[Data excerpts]

[Start of section]

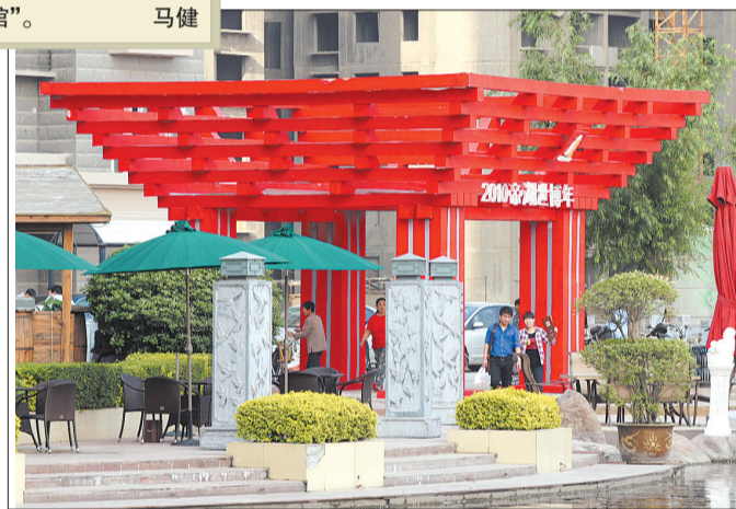
帝湖旁边的“中国馆”。
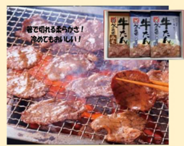
B215 味付け牛タネセット(塩・味噌) 5,400円(税込)
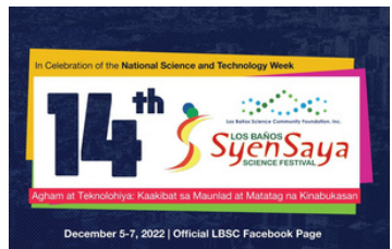
Ang pagdiriwang ng ika-14 na Los Baños SyenSaya Science Festival.

Nakiisa ang LARC sa Los Baños Science Community Foundation Inc. (LBSCFI) noong ika-5 hanggang 7 ng Disyembre sa paggunita ng ika-14 na SyenSaya: The Los Baños Science Festival. Ito ay ang taon-taong pagdiriwang sa pangunguna ng LBSCFI. Ang LBSCFI ay naitatag noong 1984 ng sampung pampubliko at pribadong institusyon at ngayon ay mayroon na itong 25 miyembro kabilang ang LARC.
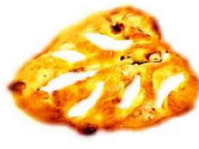
塩カシューナッツの フーガス (280円)
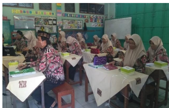
Gambar 1. Kegiatan Sosialisasi Pengabdian

disampaikan jika akan ada kegiatan pengabdian dari Dosen FKIP Unissula yang akan dilaksanakan pada tanggal 28 September 2020. Pada kegiatan sosialisasi juga diberikan kesempatan Tanya jawab dari guru-guru atau peserta sosialisasi lainnya. Adapun saran yang disampaikan terkait pelaksanaan pelatihan adalah adanya materi terkait Covid, hal ini sama dengan masukan dari Bapak Kepala Sekolah. Selain itu, guru juga menyarankan jika alangkah lebih baik jika ada pelatihan terkait dengan aplikasi pembelajaran lainnya untuk membantu pembelajaran daring yang saat ini sedang berjalan. Dari masukan tersebut tim pengabdian menjadikannya sebagai bahan pertimbangan dalam pelaksanaan pelatihan nantinya. Dari sosialisasi ini terlihat antusiasme guru-guru sangat tinggi, respon mereka sangat baik dan penuh harap dari pelatihan dan kegiatan pengabdian ini. Dari Tim pengabdian sangat berharap nantinya kegiatan pelatihan dapat berjalan dengan lancar dan dapat mengakomodir masukan saran dari peserta pengabdian.

[End of section]

__Problem requirements__.
Copy word for word each line of the data above, from the first through the one containing "Gambar 1. Kegiatan Sosialisasi Pengabdian", and include no pictures.

__Response area__.
帝湖旁边的“中国馆”。
B215 味付け牛タネセット(塩・味噌) 5,400円(税込)
Ang pagdiriwang ng ika-14 na Los Baños SyenSaya Science Festival.

Nakiisa ang LARC sa Los Baños Science Community Foundation Inc. (LBSCFI) noong ika-5 hanggang 7 ng Disyembre sa paggunita ng ika-14 na SyenSaya: The Los Baños Science Festival. Ito ay ang taon-taong pagdiriwang sa pangunguna ng LBSCFI. Ang LBSCFI ay naitatag noong 1984 ng sampung pampubliko at pribadong institusyon at ngayon ay mayroon na itong 25 miyembro kabilang ang LARC.
塩カシューナッツの フーガス (280円)
Gambar 1. Kegiatan Sosialisasi Pengabdian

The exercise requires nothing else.